Standards and Status Quo

status-post-bubbles

Sustaining a relationship is tough. It’s much harder than getting into one and definitely harder than ending one as well. Expectations and intricacies make it hard for anyone to keep a person that you love happy. In an age of social media and the exuberance of millennials people want more and more of you. They want to over exemplify the importance of you because the more they can post you, the more they can embellish the fact that they have something or someone in their life. As I have often discussed the logistics of a quality relationship should remain separate from the broadcast world but you should and can acknowledge that you have someone important in your life.

I had a discussion the other day with a woman my age and she was perplexed at the amount of information that people volunteer about their lives and relationships. She elaborated on the Facebook status or the Twitter feed as the launchpad for people and their problems especially in relationships. Broadcasting your life comes with consequences and repercussions.  Sure it’s great when things are good but as soon as you start it, you have to keep doing it because if it slows down people will think that there is something wrong in your utopia. Also, when people start to inquire about something that you put on display you felt as if someone came for you or you say things that you can’t take back and ruin your chances for reconciliation.

Some people are personal private. What does that mean? That means they like to keep their private life private. Some people don’t put their trophies on display because they don’t feel like they have too. I’ve won MVP’s and played sports on the highest level possible, but I don’t throw it in peoples faces, I just let them figure it out for themselves. To me it’s better that way. I’ve probably won over 300 trophies, medals, or rings in my life and I don’t even have them out in my residence. I have a national championship ring and several state and conference championship rings and I don’t wear any of them. They are in my closet in a box taking up space.

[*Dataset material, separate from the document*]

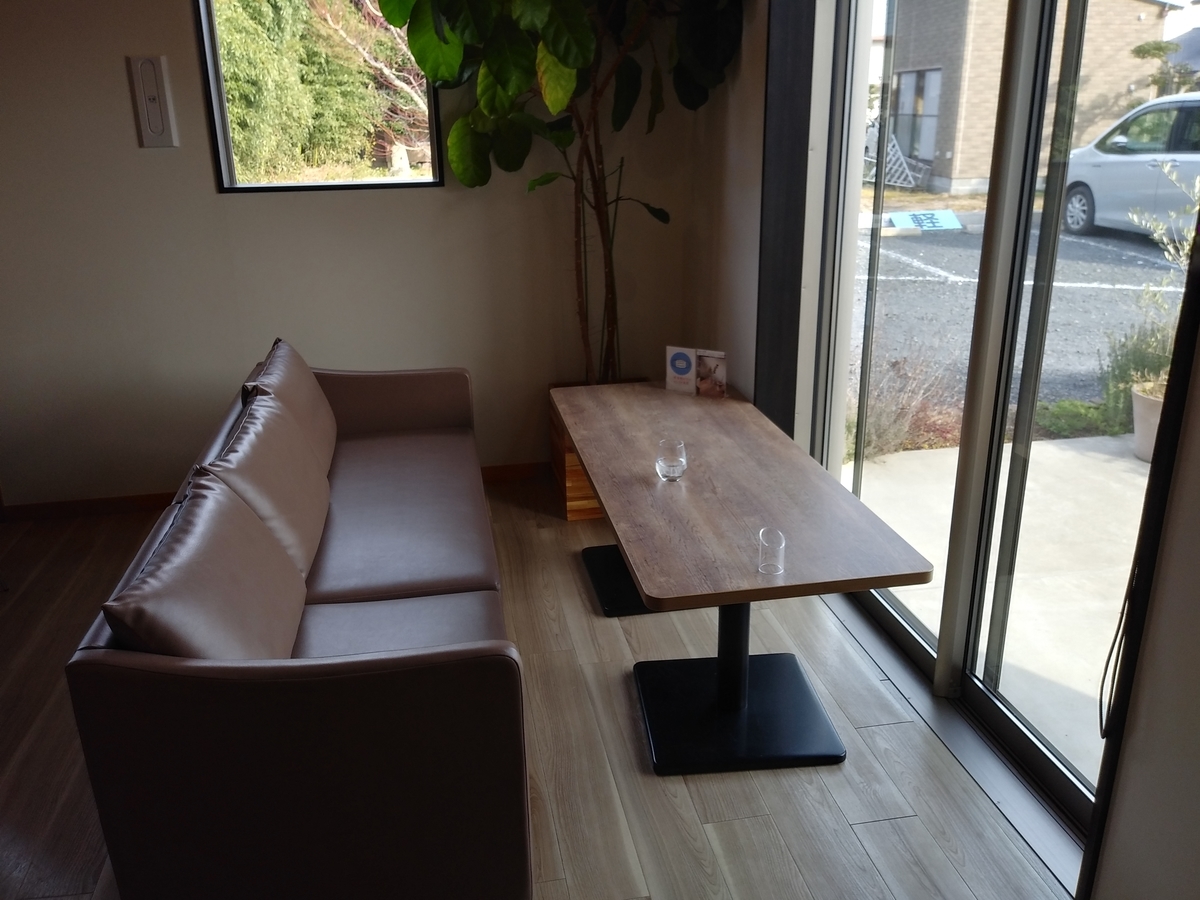 ↑窓際のソファー席。

The best business takes place when nobody is involved but the people making the deal. Millennials don’t really understand that. They enjoy the idea of everyone partaking in their endeavors.  They fell the need to broadcast every detail of everything they do and every trip they take. I’ve seen the entire globe, but you can’t hardly find any evidence of it because I don’t put it on display. I might give you an occasional glimpse but for the most part, I keep it on my level and in my phone gallery. I have memories in my phone of me and my lady. From the first real date, to the first time experiences. That’s the thing… They are for me. They aren’t for everyone else. Even when it comes to my daughter, I only give people glimpses of her. Never great detail. I don’t want her to think she has to be overexposed.

Maybe I’m a dinosaur in a neolithic age. Maybe times have changed and I need to step in to the new millennium. Maybe, just maybe I should step into their world a bit so I can understand it better. The chances of that happening are zero because I like to keep people guessing. If you want to know, ask. If you have to ask, that means you care. If you care, I’d like to know why.